We wish to make one observation on this point. We have of late observed that the of the law called
upon to investigate a case which involves a violation of the law or a commission of a crime are prone
to conduct their investigations opening and publicly even if their purpose is merely to find if there is
probable cause that may warrant formal prosecution. This happened not only in this particular case
but in others that have come to the official knowledge of the court. This practice should be stopped
not only because of the preliminary character of the inquiry but especially to save consequent
annoyance or embarrassment, if not a loss of reputation, on the part of those subject of investigation
who may later turn out to be innocent. There is even a case where the fiscal has conducted a
preliminary inquiry in the presence of newspapermen who were even allowed to ask questions to
witnesses.
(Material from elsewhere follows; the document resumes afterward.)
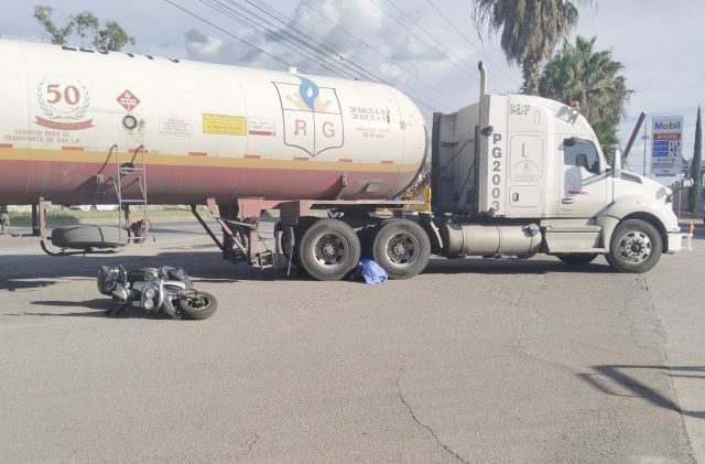 AGUASCALIENTES, AGS.- Un motociclista perdió la vida tras ser arrollado por un tráiler cargado con gas LP y cuyo conductor realizó una maniobra de ingreso a una estación de servicio.

It is high time that their attention be called to impropriety of such a practice which is not
conducive to the proper administration of justice, for its pernicious effects are not only to reveal the
evidence of the prosecution prematurely but to annoy and embarrass those who may otherwise be
found innocent of the charge. Our duty is to save embarrassment and to insure an affirmative
prosecution. This admonition goes not only to public prosecutors but to administrative investigation
agents of our government as well.

The foregoing considerations lead us to no other conclusion than that appellant is not guilty of the
contempt charge and, hence, he should be acquitted.

WHEREFORE, the decision appealed from is reversed. No costs.